◆ **ASSIGNMENT**
Once you find the line with "还有球迷通过一帧一帧的慢镜头" in the entries below, print it and each line after it up to and including the line with "Ёлочные шары под", exactly, without pictures.

◆ **SOURCE DATA**
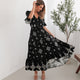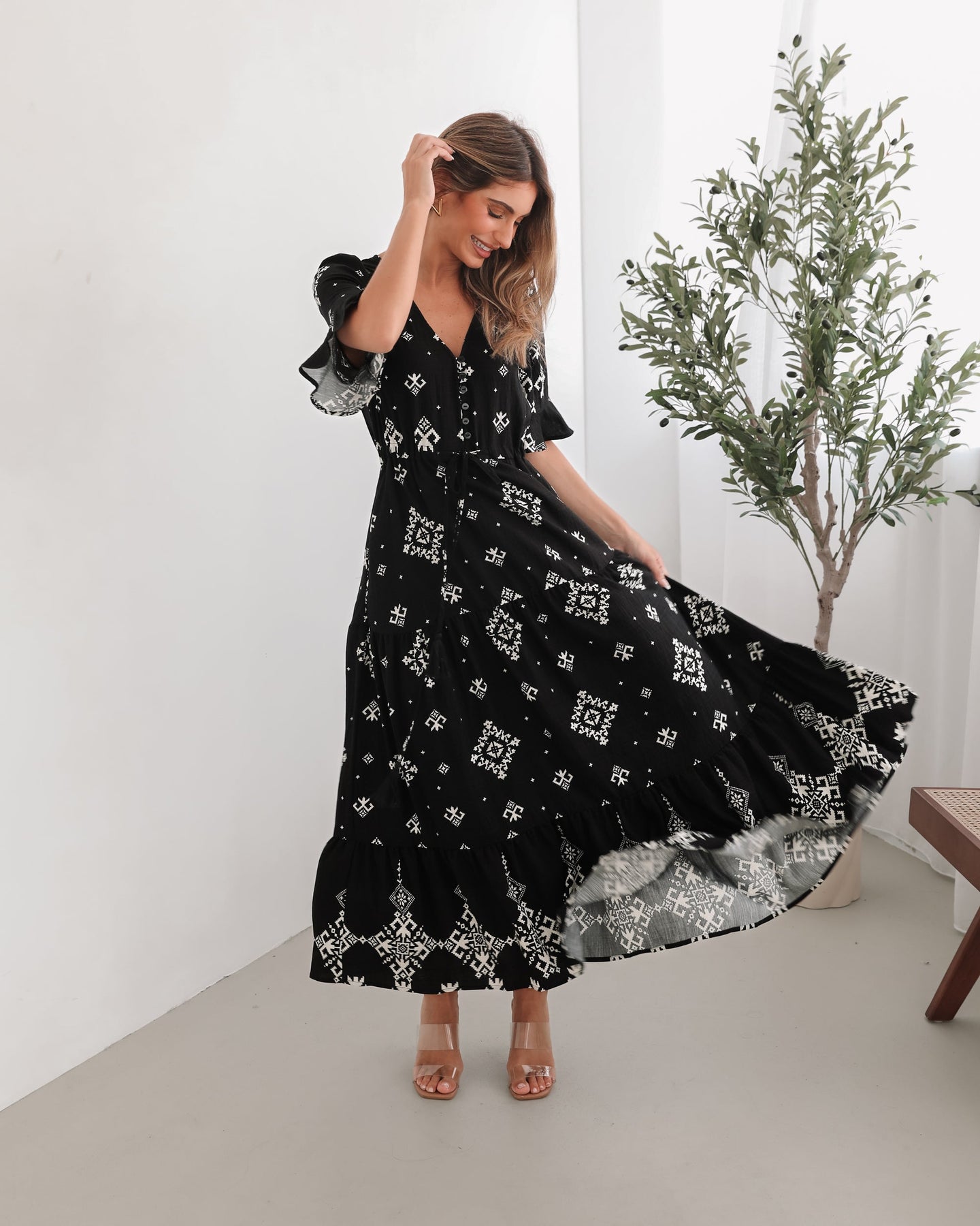 Dames | Ortensia Jurk | Zwart Print | V-Hals | Korte Flodder Mouwen | Midi Lengte
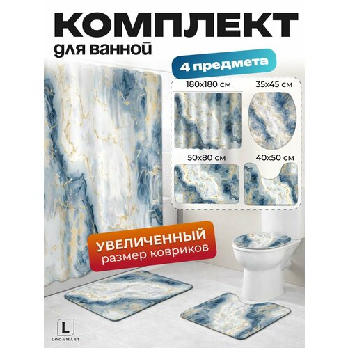 Купить Штора и коврики «Мрамор», для ванной комнаты, комплект 4 в 1, водоотталкивающая ткань с доставкой по всей России. Штора и коврики «Мрамор», для ванной комнаты, комплект 4 в 1, водоотталкивающая ткань: сравнение цен, характеристики, фото, актуальное наличие и цены.
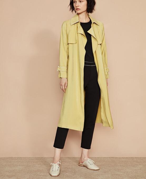 非常具有衬肤感的这件黄色的风衣外套,颜色特别的时尚耐看,而且在萧瑟的秋冬里,增添了不少活力元素。加上过膝的设计,让衣摆能够随风起舞,提升了气场又悄悄诉说对秋天的种种爱慕。搭配上极简风的黑色圆领针织衫,黑色的小脚裤,一双米白色的法式小皮鞋,让整个造型更有整体感。
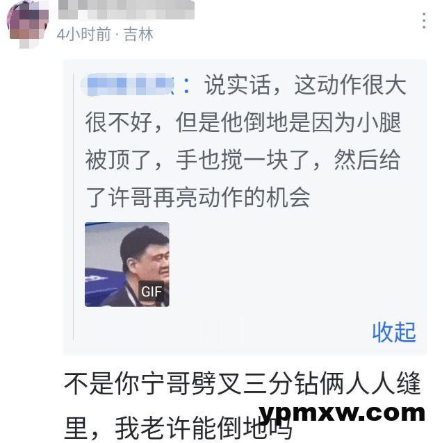 还有球迷通过一帧一帧的慢镜头回放,认为张宁有夹臂、压腿许钟豪的动作,不怪老许可不惯着他。
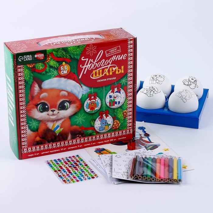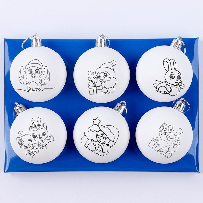 Ёлочные шары под раскраску на новый год «Загадай желание», 6 шт, d = 5,5 см, новогодний набор для творчества
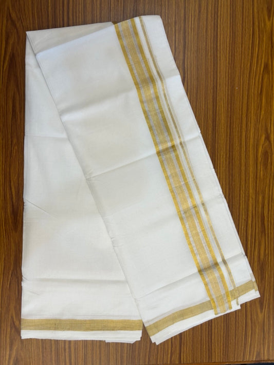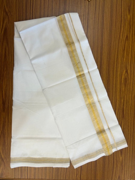 25% Discount ! KaithariKada Handloom Millpaav Balaramapuram - 100% Pure Cotton Double Mundu/Dhoti Pure white - 80x90 - 1.25 inch Silver & Gold Kasav Striped Kara 4 mtr (8.5 Muzham) - 38 KK5263 YAR
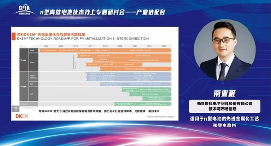 3044AM永利集团股份DKEM®作为光伏金属化浆料领域的代表受邀作《适用于n型电池的先进金属化工艺与导电浆料》的主题分享。
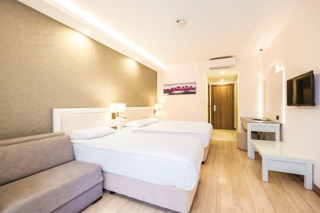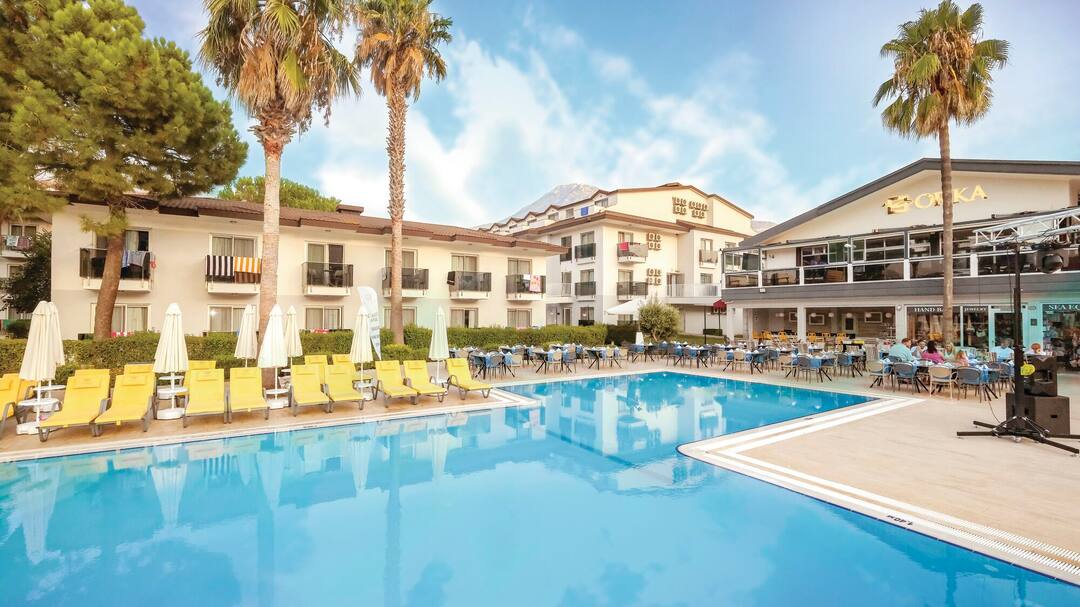 Located a short walk away from the resort’s centre, where you’ll find a great range of bars and restaurants, the Sundia Hisaronu by Liberty is geared up to cater for the whole family. As well as two swimming pools, you’ll also find water slides and an entertainment team. On top of this, there are also two separate kids’ clubs – Lollo & Bernie Kids’ club for three to 11-year-olds, and the Teen Lounge for those aged 12 to 17. The hotel also contains three dining options that will keep the whole family happy. These include the buffet restaurant, an a la carte and a barbecue. There’s also a garden café, a bar and a pool bar for refreshments.

◆ **COMPLETED TASK**
 还有球迷通过一帧一帧的慢镜头回放,认为张宁有夹臂、压腿许钟豪的动作,不怪老许可不惯着他。
 Ёлочные шары под раскраску на новый год «Загадай желание», 6 шт, d = 5,5 см, новогодний набор для творчества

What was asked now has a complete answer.